What is Plan B for TerreStar?

Posted in Financials, LightSquared, Operators, Regulatory, Spectrum, TerreStar at 10:36 am by timfarrar

Back in August, it looked very much like TerreStar was poised to file for bankruptcy, using a large DIP facility of $200M+ to fund the company for the next several years while it attempted to build a satellite roaming business. Harbinger indicated at the time that it believed a bankrupt TerreStar’s spectrum was worth $1.5B to $2B. This suggests that (as we speculated) the plan may well have been to cram-up the ~$1B of first lien debt that is outstanding at TerreStar Networks. However, it appears that Blackstone was unsuccessful in finding takers for that financing, and so the question arises as to what is now their Plan B for TerreStar.
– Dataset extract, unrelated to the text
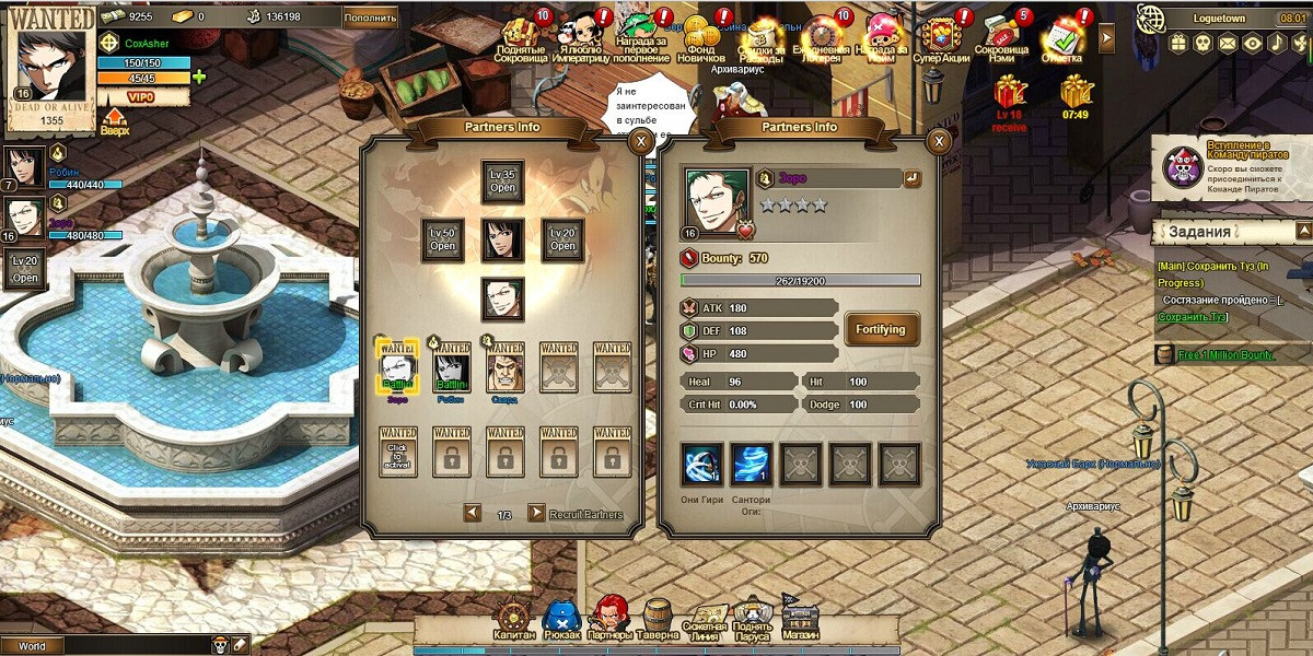 Выбор пути развития героя в One Piece Online зависит от самих игроков. Можно стать на сторону Мирового Правительства – старых тиранов, мечтающих о полном контроле над планетой, или присоединиться к Худшему Поколению – сообществу, которое хочет свергнуть мировой порядок. И в том, и в другом случае вам не обойтись без помощников – так называемых «звездных партнеров», коих в распоряжении героя может быть целых 5 штук. Эти ребята доступны в Таверне, прокачиваются вместе с главным героем и очень полезны в битвах.

In TerreStar’s 2010Q2 10-Q, filed in early August, the company stated that “there is substantial doubt that the available cash balance, investments and available borrowing capacity as of June 30, 2010 will be sufficient to satisfy the projected funding needs for third quarter of 2010″ and yet we are now at the end of the third quarter and there has been no bankruptcy filing. AT&T also announced the commercial release of the Genus phone last week. Some have therefore suggested that this means TerreStar is likely to avoid bankruptcy, because AT&T would not have gone to market with the phone immediately prior to a bankruptcy filing.
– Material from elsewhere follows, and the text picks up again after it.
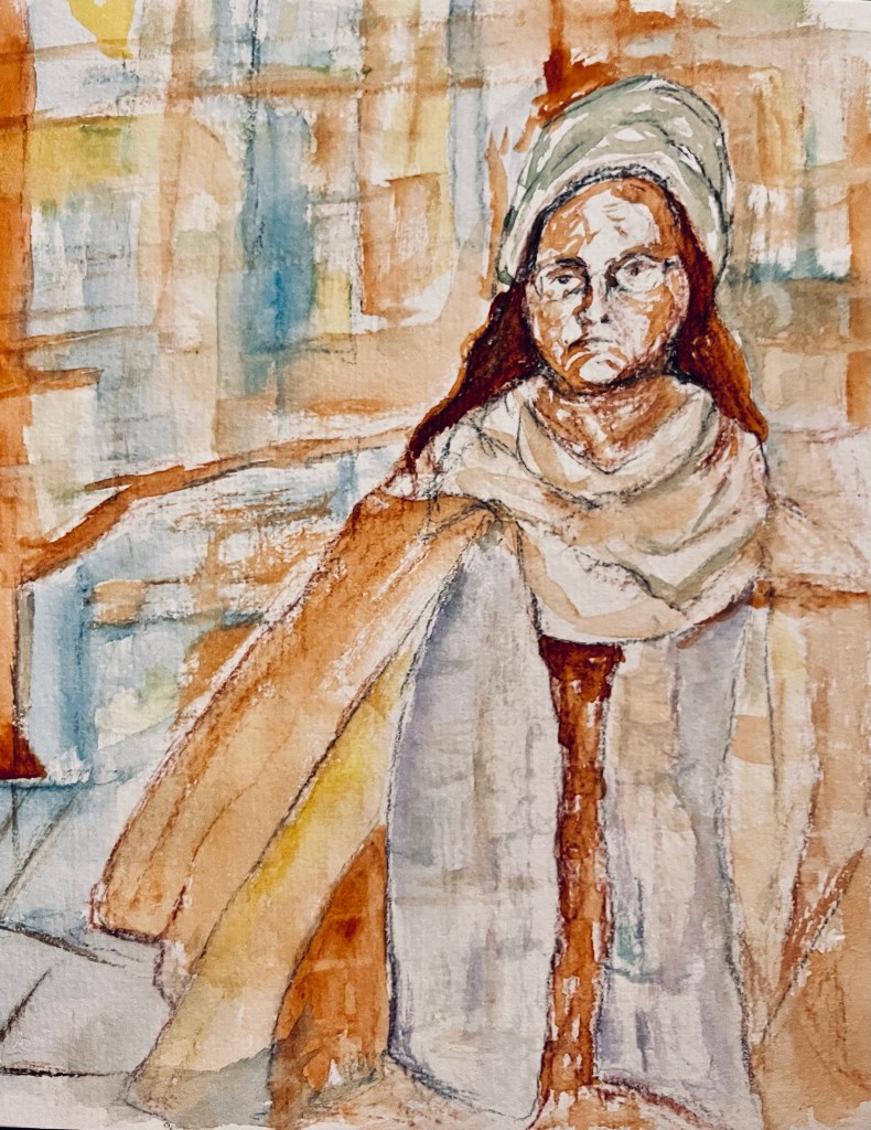 Since I still had plenty of time in the zoom after finishing the pear portrait, I tried a winter inspired self portrait. I took a selfie to get my facial expressions and only after I had painted in the mouth did I realize my expression is so bad. I am always concentrating on getting my head centered that I forget to smile. Lol.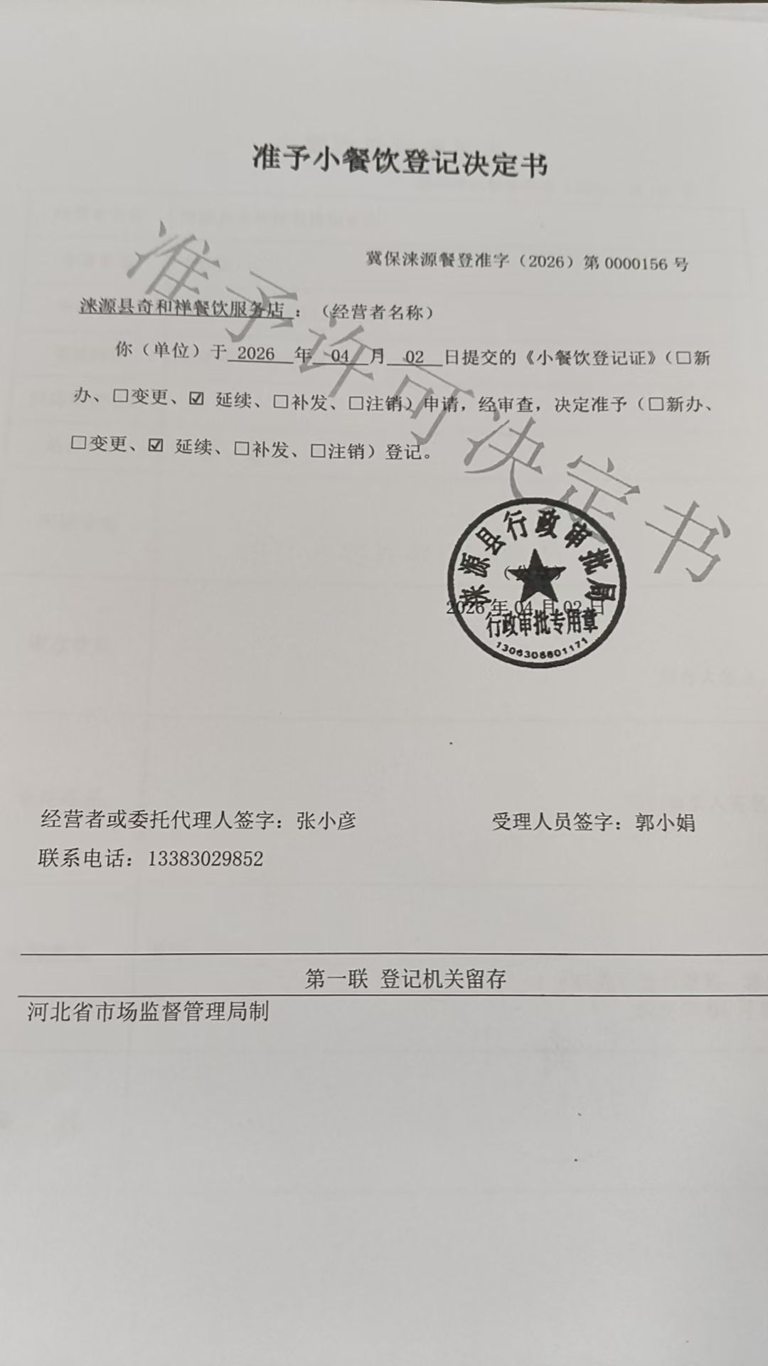 涞源县奇和祥餐饮服务店准予小餐饮登记决定书.jpg

Of course, if TerreStar had actually secured further investments, these would have to have been disclosed in an 8-K filing, but it is certainly clear the company has managed to make its cash resources last longer than it previously expected. One possibility is that AT&T paid upfront for the Genus phones it is selling, which would have provided some cash for TerreStar without the need for a public filing. It would also explain why AT&T is keen to move ahead with the commercial launch if it now owns several tens of thousands of Genus phones.

UPDATE: According to documents filed in the TerreStar bankruptcy proceeding, Echostar and Harbinger allowed TerreStar to draw a further $10M from the Purchase Money Credit Facility, and agreed to waive any claims of potential default. However, given that the bankruptcy documents show only a few hundred thousand dollars of expected receipts for TerreStar from phone sales by the end of the year, it still appears possible that either AT&T may have paid upfront for the phones it expects to sell, or (perhaps more likely) Elektrobit has been left holding the bag, given the substantial losses it expects to book on its TerreStar receivables.

However, TerreStar obviously also needs to raise further funds to cover its ongoing operating expenses. It has a window of time until August 2011 when no cash interest is due on TerreStar Networks’ first lien debt, and so it appears plausible that raising say $50M+ at TerreStar Corporation (presumably against the security of the 1.4GHz spectrum) would be (barely) sufficient to see the company through to next August, when the outcome of the FCC’s MSS NPRM/NOI should be clearer.

This might well still require a bankruptcy filing by TerreStar Corporation (depending on what happens with the outstanding $408M of Preferred Stock, since the company has certain obligations to redeem the Preferred Stock if it has more than $10M in available funds), but we assume that Blackstone might conceivably look to keep the TerreStar Networks subsidiary out of bankruptcy (assuming this is permitted by the cross-default provisions on the first lien debt) and thereby enable TerreStar Corporation to retain its shareholding in TerreStar Networks.

Then, if it turned out that the FCC’s NPRM allowed the 2GHz satellite spectrum to be monetized for more than the value of the outstanding first lien debt (something we regard as unlikely), the proceeds could potentially flow to the owners of TerreStar Corporation (although it is implausible that an auction could occur by August 2011 so there would certainly still be significant arguments about the value of this spectrum). In addition, this outcome would ensure that TerreStar’s 2GHz spectrum is not on the market as an alternative to LightSquared, while Harbinger seeks to secure partners for its LTE network buildout over the next 9 months.

UPDATE: From the TerreStar bankruptcy filings, it does not appear that the approach we speculated about would have been feasible, presumably at least in part because it was not possible to raise money against the security of the 1.4GHz spectrum, and in the last few weeks the alternative plan to accepting a deal with Echostar was to try and prime the first lien debt which Echostar controlled at TerreStar Networks. However, in the end TerreStar has had to take a $75M DIP from Echostar and agree to the restructuring plan which Echostar proposed.